[Start of Attachment]

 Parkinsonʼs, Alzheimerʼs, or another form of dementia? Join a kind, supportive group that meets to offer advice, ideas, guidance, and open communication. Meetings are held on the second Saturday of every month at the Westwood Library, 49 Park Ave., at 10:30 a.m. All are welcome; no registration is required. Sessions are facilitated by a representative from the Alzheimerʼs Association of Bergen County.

[End of Attachment]
[Start of Attachment]

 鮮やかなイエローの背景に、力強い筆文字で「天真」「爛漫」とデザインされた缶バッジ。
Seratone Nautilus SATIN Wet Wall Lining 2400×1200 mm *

[End of Attachment]
[Start of Attachment]

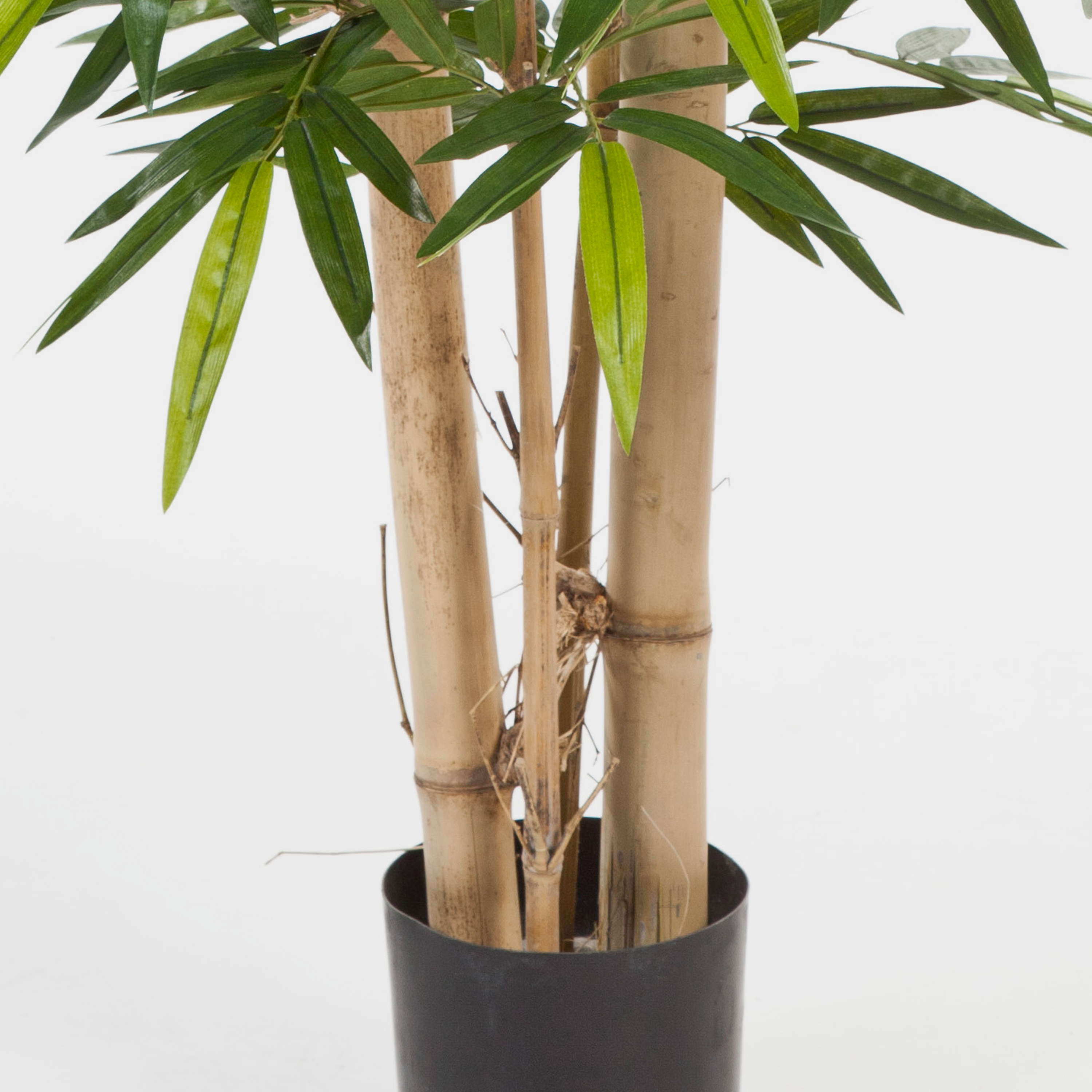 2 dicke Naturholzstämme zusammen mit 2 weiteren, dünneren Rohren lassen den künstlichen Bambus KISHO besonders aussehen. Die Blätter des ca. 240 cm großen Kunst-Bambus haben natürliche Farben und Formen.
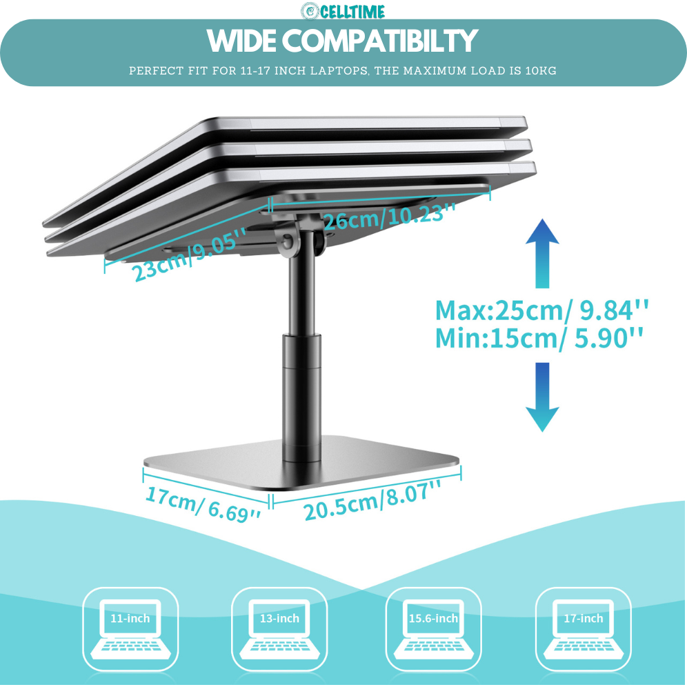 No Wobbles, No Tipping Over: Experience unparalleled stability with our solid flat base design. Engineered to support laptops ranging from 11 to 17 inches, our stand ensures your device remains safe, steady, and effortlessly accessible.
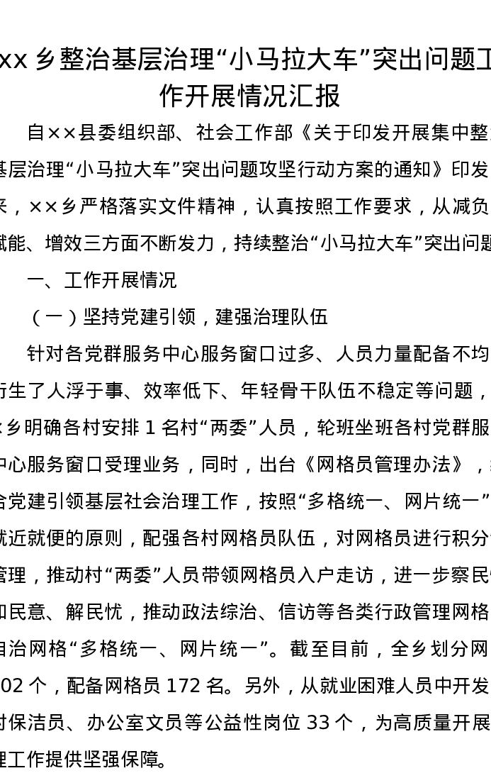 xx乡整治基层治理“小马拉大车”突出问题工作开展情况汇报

[End of Attachment]

| Task objective |
Give only the lines from the one holding "鮮やかなイエローの背景に、力" through the one holding "Seratone Nautilus SATIN", each restated exactly as it appears above.

| Solution for this problem |
 鮮やかなイエローの背景に、力強い筆文字で「天真」「爛漫」とデザインされた缶バッジ。
Seratone Nautilus SATIN Wet Wall Lining 2400×1200 mm *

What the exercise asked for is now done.